Just?’ I said. ‘Okay. So how did the coin get back into your pocket?’

He fished about in his trouser pocket, pulled out the fifty-cent piece, held it up to the light. When he looked at me I could see the first signs of respect.

‘I don’t know how you did that,’ he said. ‘You sat opposite me all the time.’

‘There are three stages to most decent magic tricks,’ I said. ‘The Pledge, the Turn and the Prestige, where you return what has gone. Sometimes that’s the most extraordinary part, when the audience doesn’t see the magician do anything.’

He gazed at the coin for a few more seconds.

‘Impressive.’

‘Not really,’ I said. ‘But I think you’ll like this one. Give me your phone.’

He handed it over. I pulled a small red silk scarf from my pocket, brought it to the phone, and wrapped both hands around the case. When I held up the phone, most of the scarf was sticking from the centre of the screen. There was maybe a twenty-centimetre section out the back. I knew that from the audience’s perspective it would seem like the scarf was actually embedded into the phone. I pulled on the twenty centimetres at the back and watched Simon’s face as the scarf fed through the phone and out the other side. I gave him the phone back and he peered at it, his eyes close to the screen. Maybe he was looking for a hole or a slit. It didn’t matter. He wouldn’t find one.

‘That’s amazing,’ he said.

‘That’s easy,’ I replied.

‘Anything else?’ he said.

‘Oh yeah,’ I said. ‘Hundreds.
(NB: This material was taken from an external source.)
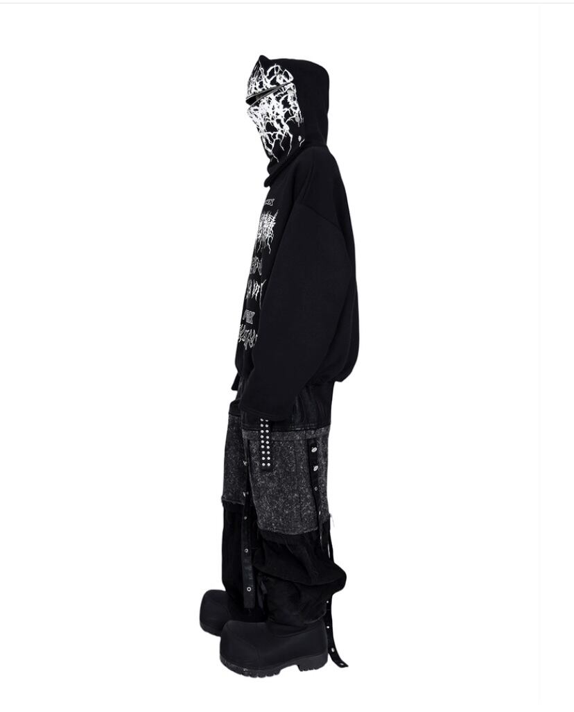 【複数WAY】パーカー スウェット 黒 ブラック ワンピース カジュアル カーディガン フード 変装

But the bell for next class is going in about a minute and, anyway, I don’t do this for free. You’ve had the trailers. If you want the main show, you’ll have to buy a ticket.’

‘But you must have done Miss Smith’s class for free,’ he pointed out.

‘True. But that was practice for the talent competition at the end of term.’

‘You’re going in for that?’

I put my stuff away in my bag.

‘Nope,’ I said. ‘One humiliation was enough.’

Simon put his elbows on the bench, folded his fingers together and rested his chin on them.

‘I have a business proposition, Grace,’ he said.

‘And I have a class to get to,’ I said.

I left him at the table. Jake trotted at my side. I was going to ask him what he made of my weird fellow student, but in the end I couldn’t be bothered.